Resubmission & Remarking
Resubmission of an assignment for remarking after reworking it to obtain a better mark will not normally be accepted. Approval for resubmission will only be granted on medical or compassionate grounds.
Grades for your performance in this course will be awarded in accordance with the following scheme:
M10 (Coursework Mark Scheme) Grade Mark Description FNS Fail No Submission F 1-49 Fail P 50-64 Pass C 65-74 Credit D 75-84 Distinction HD 85-100 High Distinction CN Continuing NFE No Formal Examination RP Result Pending
Further details of the grades/results can be obtained from Examinations.
Grade Descriptors are available which provide a general guide to the standard of work that is expected at each grade level.
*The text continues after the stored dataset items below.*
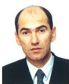
Janez Janša - SDS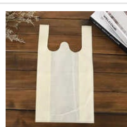
Biodegradable Raw Bags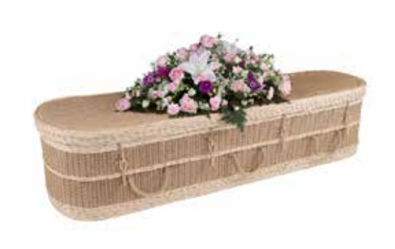
The LOOM by Naturally Woven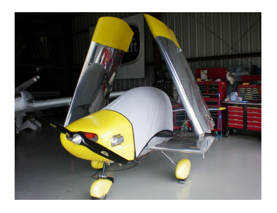
Onex Flyaway Cover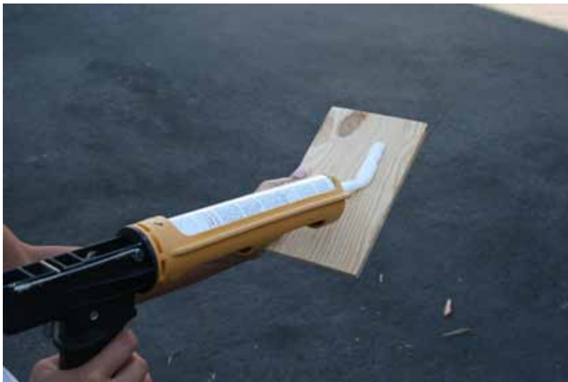
Applying the Caulking to the inside of the plate

Load the 10 oz tube of 5200 in a caulking gun, 4 or 5 large beads of caulking is recommended for good bonding. We like to do one backing plate at a time.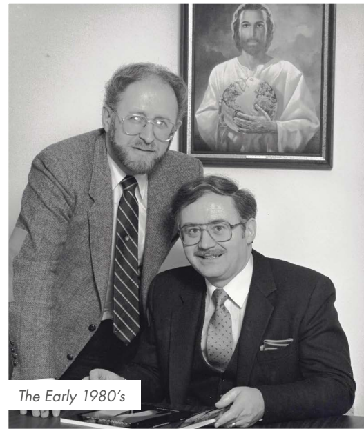
The Early 1980's

Stan's passing marks the end of this era, but the work of Master's Foundation continues. With the war that continues to rage, help for Ukraine is needed even more. Stan's calling is now our calling, and our biggest tribute to him is for each of us to continue to serve the wonderful people of Ukraine.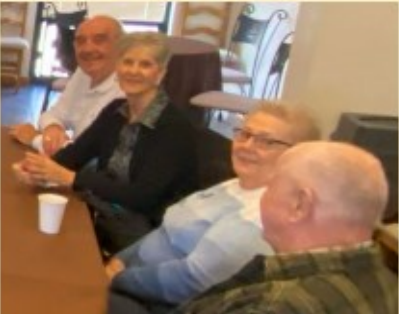
A BIG thank you to all our parishioners who once again supported our charitable works!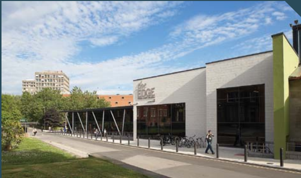
The Edge, University of Leeds

S&P works with you to deliver inspirational environments by solving your procurement demands and establishing new models of service consolidation and partnership working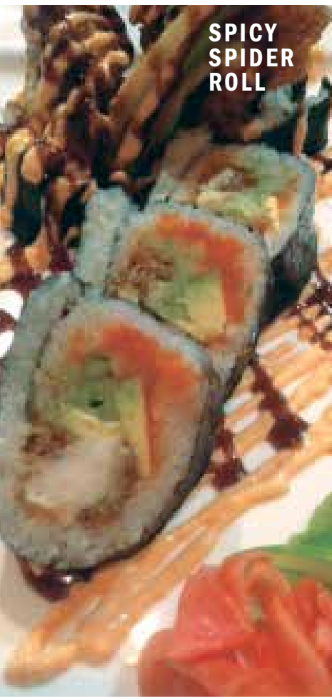
SPICY SPIDER ROLL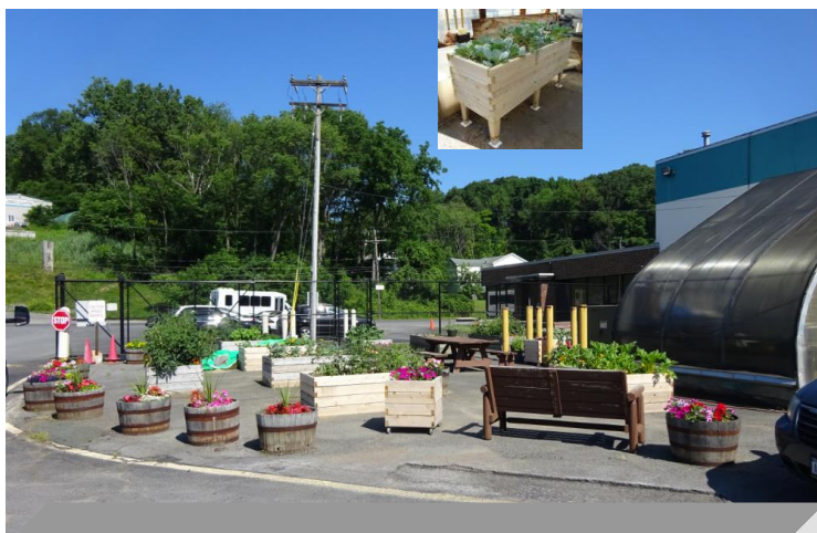
Greenhouse and raised beds at the Center For Disability Services 700 S. Pearl St.

If you have free time on Wednesday mornings – you could consider helping us out – I bet it will do as much good for you as it does for the individuals. – Contact anyone of our volunteers to find out more.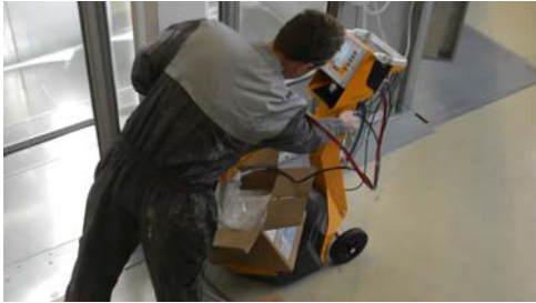
Step 1: Activate the air mover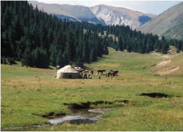
Fig. 1: Animal husbandry plays a major role in most households in Issyk Kul BR.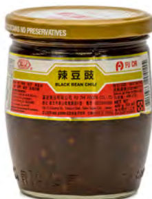
Fu Chi Black Bean Chilli 400g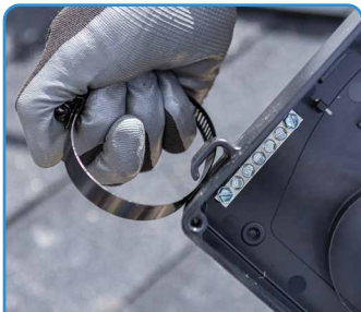
1A. Attach the SS Clamps to the Junction Box. Pro Tip: Compress the SS Clamps against the back wall and rock into place.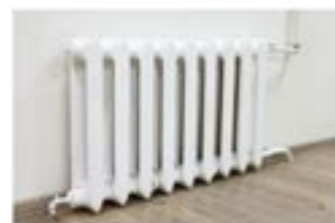
Figure 1.22 A domestic radiator contains water which is heated by a boiler.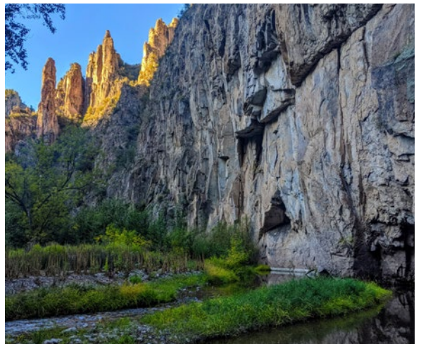
Riparian Zones - The areas along a river or stream, especially those in the desert and canyons, provide much needed moisture and offer a cool place for many animals.

More information at Assessment for Coursework Programs.
Final results for this course will be made available through Access Adelaide.
The University places a high priority on approaches to learning and teaching that enhance the student experience. Feedback is sought from students in a variety of ways including on-going engagement with staff, the use of online discussion boards and the use of Student Experience of Learning and Teaching (SELT) surveys as well as GOS surveys and Program reviews.
SELTs are an important source of information to inform individual teaching practice, decisions about teaching duties, and course and program curriculum design. They enable the University to assess how effectively its learning environments and teaching practices facilitate student engagement and learning outcomes. Under the current SELT Policy (http://www.adelaide.edu.au/policies/101/) course SELTs are mandated and must be conducted at the conclusion of each term/semester/trimester for every course offering. Feedback on issues raised through course SELT surveys is made available to enrolled students through various resources (e.g. MyUni). In addition aggregated course SELT data is available.